What is needed is an exact copy of the lines from the start of the records below through the line with "1. Рассчитать и", without the pictures.

──────

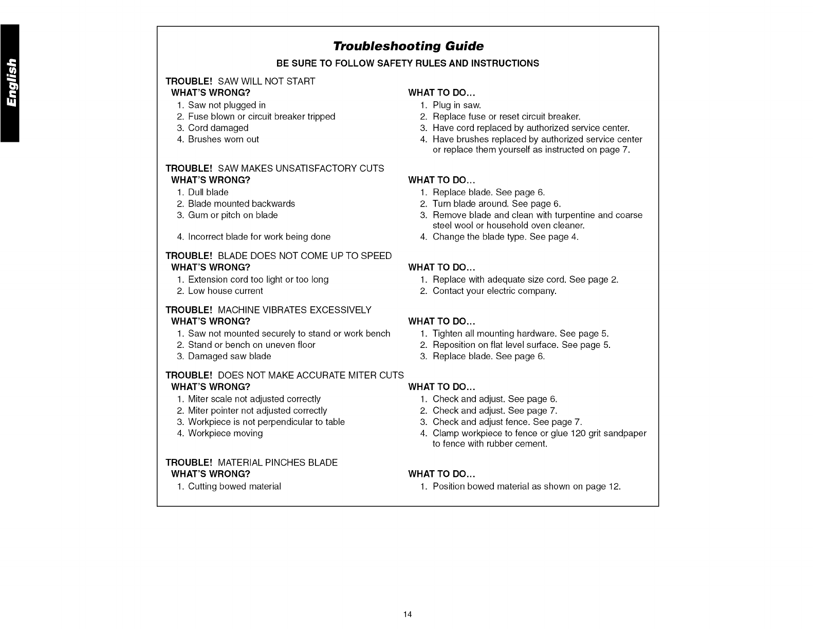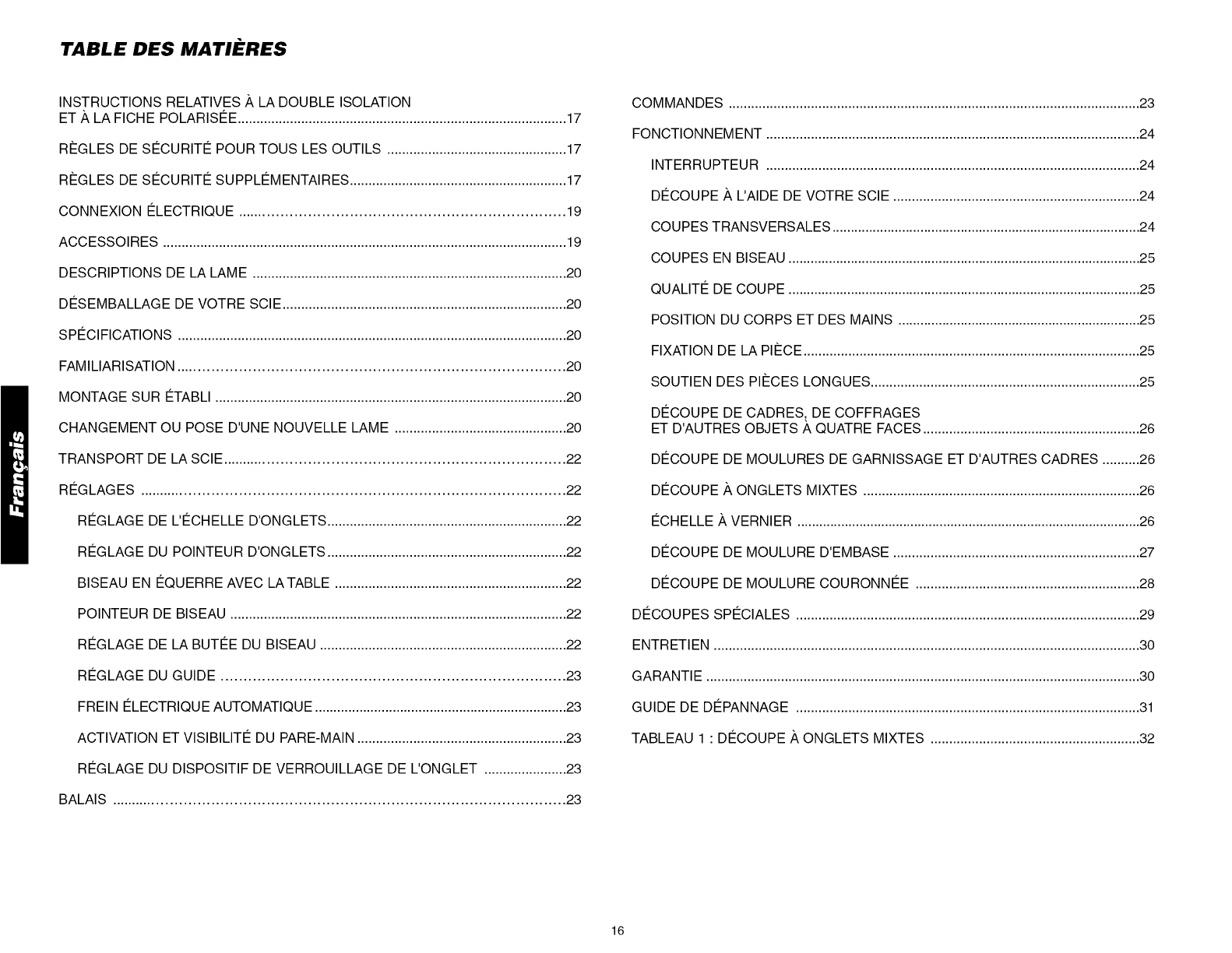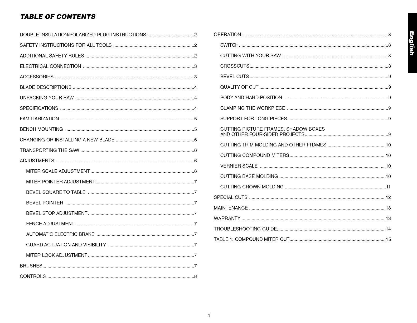 MITER POINTER ADJUSTMENT .............................................................................. 7
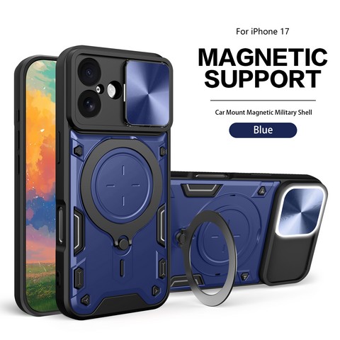 iPhone 17 2025 Large Rotate Magnetic Ring Stand case Blue(Premium Package)
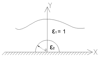 1. Рассчитать и построить профиль электрода, обеспечивающего создание однородного поля в полусферическом теле. Напряжение на электроде относительно плоской поверхности U0. Пробивная напряжённость электрического поля в воздухе E1max=3000 кВ/м, а в материале полусферы E2max=6000 кВ/м. Определить расстояние от проводящей плоскости до электрода на оси Y (при X=0, z=0), при котором произойдет пробой.
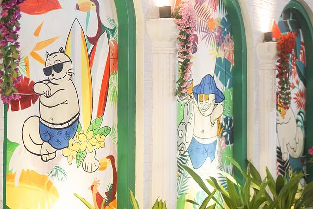 墙面上霸气外漏的张猫猫们,一副气势满满的样子,打扮也是海岛出行的模样。正因如此,我会感到放松身心。
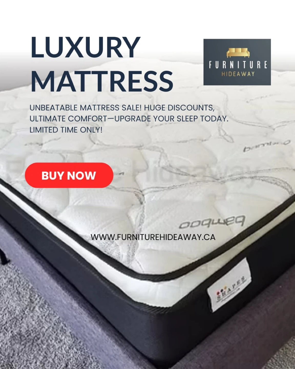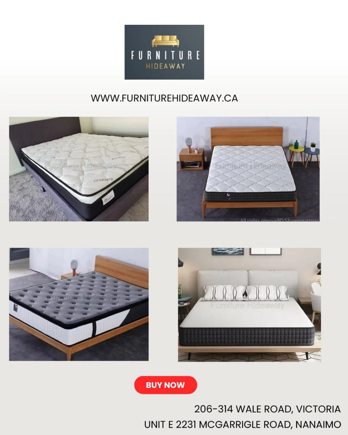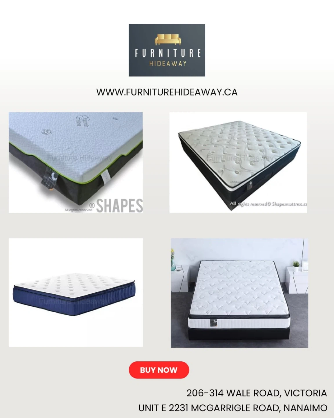 20Invest in your well-being with a new mattress at a great price. Limited Time Offer Only! Single starts at $199 Double starts at $249 Queen starts at $279 King starts at $579 Feel free to visit our showroom: 📍Victoria: Unit 206-314 Wale Rd Colwood Phone: 250-858-5164 Open daily: Mon-Friday: 11am-7pm Weekends: 10am-6pm Holidays ** 11am-5pm** 📍Nanaimo: Unit E -2231 Mcgarrigle Rd, Nanaimo Phone : 778-700-8382 Monday- CLOSED Tuesday to Sunday: 10am-6pm www.furniturehideaway.ca

──────

## Response to this exercise
 MITER POINTER ADJUSTMENT .............................................................................. 7
 iPhone 17 2025 Large Rotate Magnetic Ring Stand case Blue(Premium Package)
 1. Рассчитать и построить профиль электрода, обеспечивающего создание однородного поля в полусферическом теле. Напряжение на электроде относительно плоской поверхности U0. Пробивная напряжённость электрического поля в воздухе E1max=3000 кВ/м, а в материале полусферы E2max=6000 кВ/м. Определить расстояние от проводящей плоскости до электрода на оси Y (при X=0, z=0), при котором произойдет пробой.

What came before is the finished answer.